Even though he readily admitted that he didn’t actually know the circumstances surrounding Blake’s shooting, Evers fanned the (literal) flames by claiming that Blake was “mercilessly” shot and possibly killed by a Kenosha Police officer.
“We stand with all those who have and continue to demand justice, equity, and accountability for Black lives in our country,” Evers continued, as rioters began to march from the scene of the shooting to the Kenosha County Courthouse, looting stores and setting fires along the way.
Although he issued his statement late at night, when he rather obviously knew rioting could erupt, Evers didn’t say a single word about remaining peaceful.
Even after Kenosha burned Sunday night, he didn’t condemn the violence or caution against more of it in his more than five-minute address to the state Monday afternoon.
Instead, he let Lieutenant Governor Mandela Barnes dump even more verbal gasoline on an already simmering city.
“This was not an accident. This wasn’t bad police work.
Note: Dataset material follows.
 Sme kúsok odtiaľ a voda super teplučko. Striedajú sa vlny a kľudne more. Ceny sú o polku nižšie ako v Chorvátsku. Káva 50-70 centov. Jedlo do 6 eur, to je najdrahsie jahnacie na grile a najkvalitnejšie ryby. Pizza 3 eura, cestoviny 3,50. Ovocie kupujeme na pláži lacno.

This felt like some sort of vendetta being taken out on a member of our community,” Barnes said before admitting that he too didn’t know all of the facts. “The officer’s deadly actions attempted to take a person’s life in broad daylight.”
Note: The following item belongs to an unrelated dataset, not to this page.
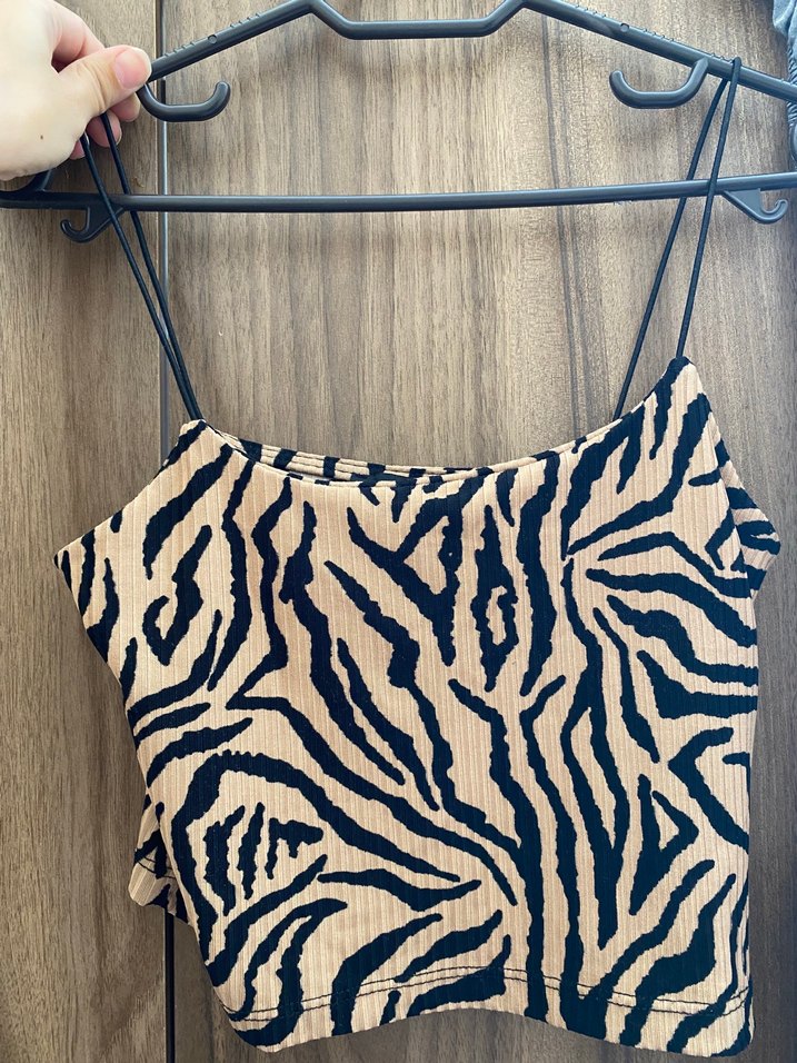 Dar kesim, zebra desenli ince askılı kadın atlet. Yumuşak sentetik kumaştan, pile detaylı, gündelik sokak stiline uygun.

The closest either of Wisconsin’s so-called leaders came to calling for calm was Evers reminding rioters to “wear your mask and keep social distance as best you can.”
After hours of ridicule and harsh rebukes from Republicans in the Wisconsin Legislature over his dimwitted incitement, Evers activated the National Guard…but authorized only 125 to be deployed to Kenosha.
Unsurprisingly, the city burned again Monday night, and just as unsurprisingly, neither Evers nor Barnes had a word of condemnation until Evers was apparently shamed into a halfhearted series of tweets on Tuesday afternoon.
“The ability to exercise First Amendment rights is a critically important part of our democracy and the pursuit of justice,” he said. “But there remains a line between peaceful assembly and what we saw last night that put individuals, families, and businesses in danger.”
That was too little, too late for Flint Estill’s business, and Evers deployed just 250 National Guard troops to protect others. The Kenosha Police Department and Kenosha County Sheriff’s Department told Evers that they needed at least 750 troops to restore order, but Evers ignored them. The White House reached out and offered to deploy 500 federal troops to make up the difference, but Evers refused.
Kenosha burned again, and two people were shot to death.
Sadly, the city will keep burning and people will keep dying until this Governor actually starts to govern, until he allows local law enforcement and the National Guard to protect the innocent victims whose livelihoods and very lives are being destroyed.
Games have always been Flint Estill’s life, but his life—and the lives of countless other others—have been ruined because, in part, Governor Evers has treated the deadly serious situation in Kenosha as a game. He scores political points while an entire city loses.
Now playtime is over, and it’s time for both Evers and Barnes to start acting like adults.